▶ [WORK TASK]:
Look below for the line with "Summerfield Collection Antiqued" and the line with "(3) 1927-S WALKING"; repeat exactly those two lines and all lines between them, but no pictures.

▶ [INFORMATION GIVEN]:

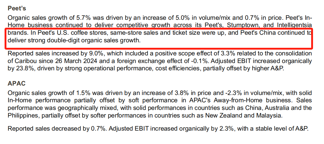 從皮爺咖啡的母公司JDE Peet's發(fā)布的2024年財(cái)報(bào)來看,整體來看,皮爺咖啡是有一定受眾的,且目前在中國市場(chǎng)的表現(xiàn)還不錯(cuò)。
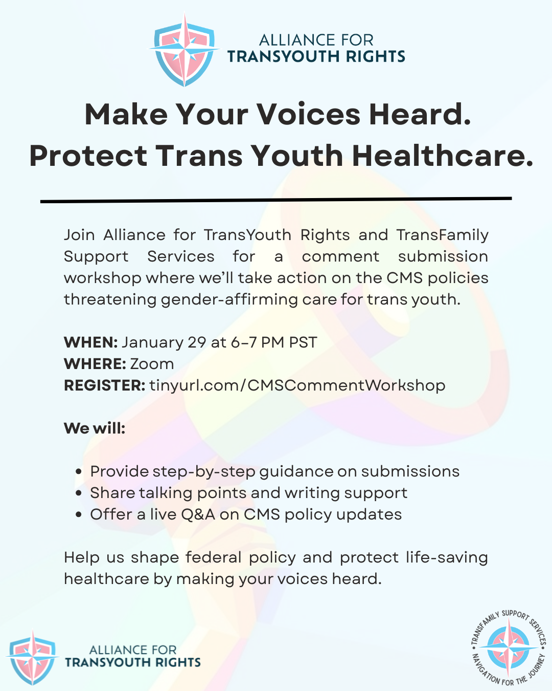 Join TransFamily Support Services and the Alliance for TransYouth Rights on January 29th from 6–7 PM PST for a virtual Public Comment Submitting Session in response to recent CMS (Centers for Medicare & Medicaid Services) news released in December that may impact access to gender-affirming care and protections for trans and nonbinary youth.
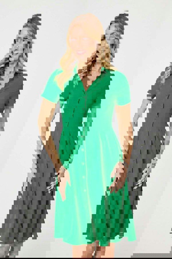 We could all use a few more figure-flattering dresses in our wardrobes. This one has a button-up front with a collar, short sleeves and a knee length hem. The fit & flare shape will give a slimming effect on all body types - so you can feel stylish and confident, whatever the event. Depending on accessories and shoes, you could wear this to both casual and formal events.
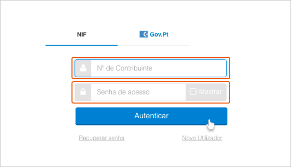 Faça a sua autenticação no Portal das Finanças. Para tal, insira o seu NIF e a sua senha de acesso. Se preferir, pode autenticar-através da Chave Móvel Digital ou do Cartão do Cidadão, clicando em “Gov.Pt”.
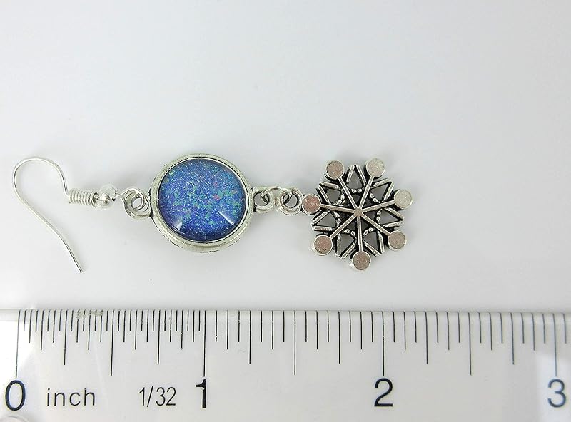 Summerfield Collection Antiqued Silver-tone Blue Purple Glitter Glass Dangle Earrings Snowflake Charm Hand-painted
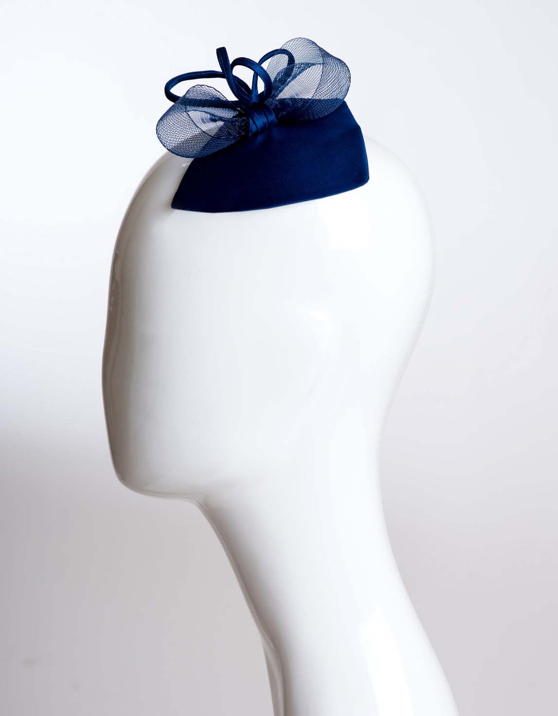Abendmode Hütchen aus wertvollem Seidensatin mit süßem Schleifendetail.
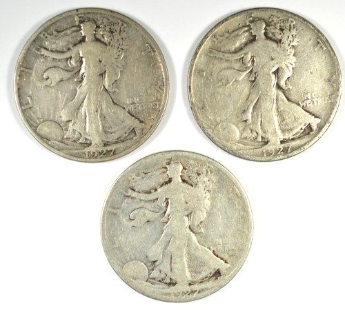 (3) 1927-S WALKING LIBERTY HALF DOLLARS "GRADING SET" (GOOD,VG,FINE)
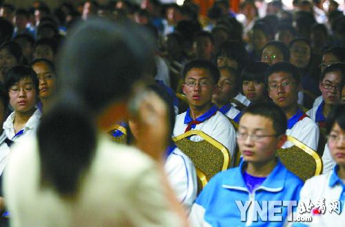 “天佑中華”主題教育活動(dòng)從下午4點(diǎn)30分開(kāi)始,在簡(jiǎn)單的問(wèn)候后北京十一學(xué)校教導(dǎo)處陳雪芬副主任向北川中學(xué)校長(zhǎng)劉亞春詢(xún)問(wèn),“是什么力量讓北川中學(xué)克服如此重重困難?”劉亞春校長(zhǎng)難掩悲痛地說(shuō):“其實(shí)作為教師,苦難中首先救助學(xué)生是教師本能的表現(xiàn)。對(duì)于那些罹難的師生來(lái)說(shuō),他們的生命不是消逝了而是永恒了,幸存者也變得更加堅(jiān)強(qiáng)。在今后的日子里,各方的關(guān)心和關(guān)注以及北川中學(xué)師生堅(jiān)強(qiáng)不屈的意志,都是我們戰(zhàn)勝艱難的最基本動(dòng)力!痹(huà)音剛落,北京十一學(xué)校近千名學(xué)生報(bào)以熱烈的掌聲。
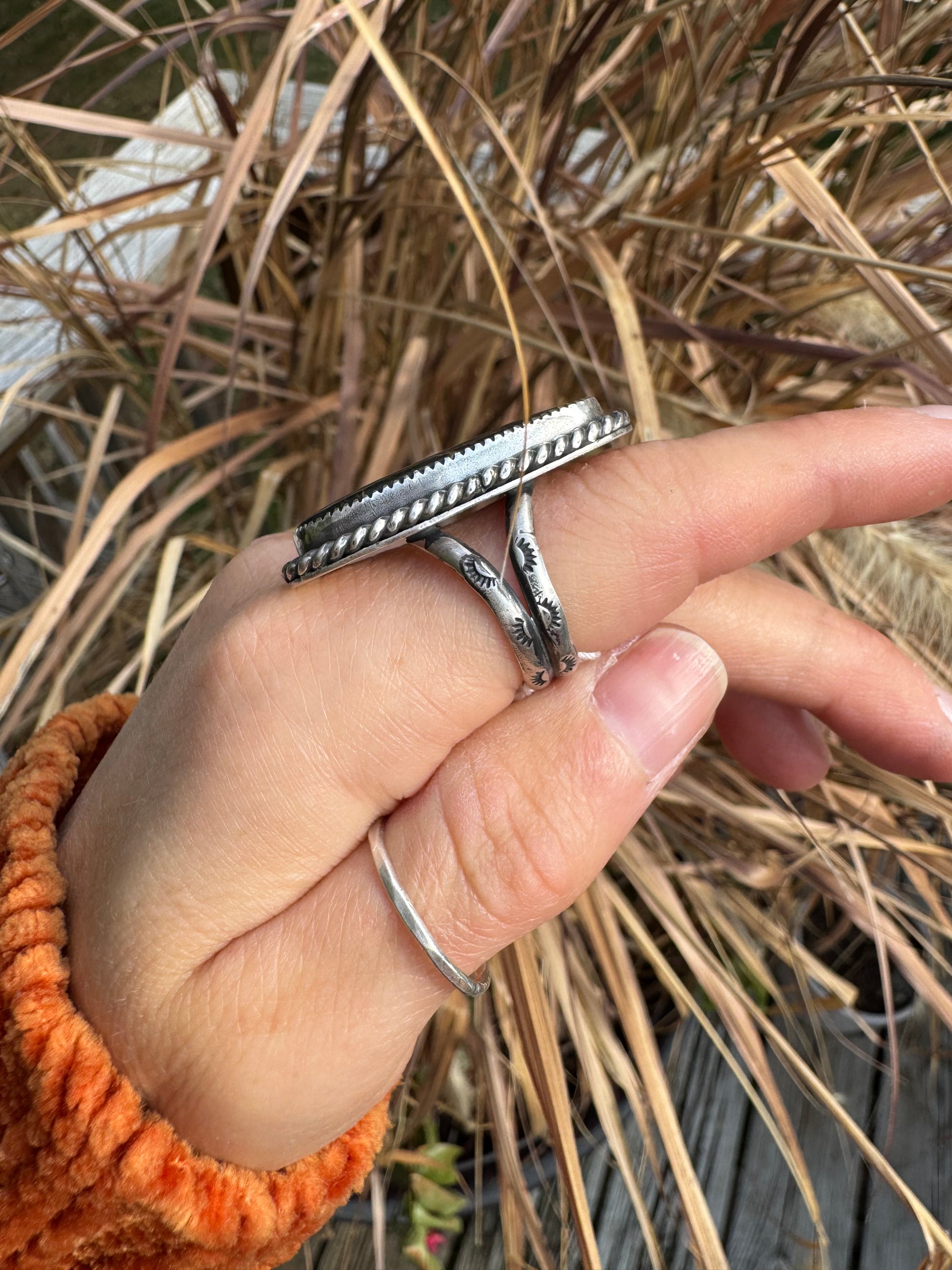 • Sterling silver hand stamped double split shank band

▶ [COMPLETED TASK]:
 Summerfield Collection Antiqued Silver-tone Blue Purple Glitter Glass Dangle Earrings Snowflake Charm Hand-painted
Abendmode Hütchen aus wertvollem Seidensatin mit süßem Schleifendetail.
 (3) 1927-S WALKING LIBERTY HALF DOLLARS "GRADING SET" (GOOD,VG,FINE)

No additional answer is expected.